Österreich

Viel Badelärm um nichts

Angebliche und tatsächliche sexuelle Übergriffe von Asylbewerbern in heimischen Freibädern erhitzten die Gemüter.

Viel Badelärm um nichts SN/sn
Der Sommer verlief in den Freibädern friedlich. Vorfälle mit Asylbewerbern konnte man an einer Hand abzählen.

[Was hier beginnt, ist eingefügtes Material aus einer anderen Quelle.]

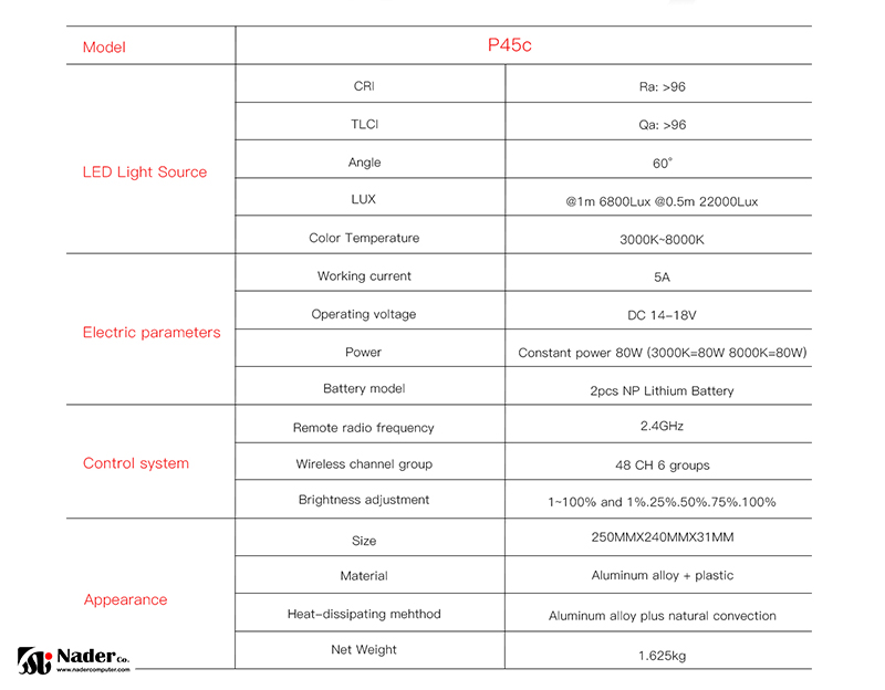 مشخصات کلی نور ثابت ال ای دی پیکسل Pixel Professional Light P45C:

"Es war ein sehr ruhiges Jahr." Christian Marchart wirft einen verklärten Blick auf zwei einsame Schwimmer, die im Wellenbecken wie Bojen auf- und abtanzen. Das Laaerbergbad, in dem Marchart als Betriebsleiter tätig ist, zählt zu den drei größten Freibädern Wiens. Bis zu 11.000 Wasserratten und Sonnenanbeter finden hier Platz. An diesem heißen Septemberfreitag sind es 400 - Zeit für eine Bilanz. "Probleme mit Asylbewerbern? Nein, überhaupt nicht. Das ist am Anfang der Saison ziemlich hochgespielt worden", sagt Marchart. Sogar über Security sei diskutiert worden. "Aber die kennen weder das Bad noch die Gäste." Die hitzig geführte Burkinidebatte lässt Marchart kalt: "Wir haben seit Jahren Gäste, die angezogen ins Becken gehen." Gewalt oder sexuelle Übergriffe: ebenfalls Fehlanzeige. "In den 1990ern war das anders. Da standen Massenschlägereien rivalisierender Gruppen auf der Tagesordnung. Aber seit 15 Jahren ist das hier das Paradies."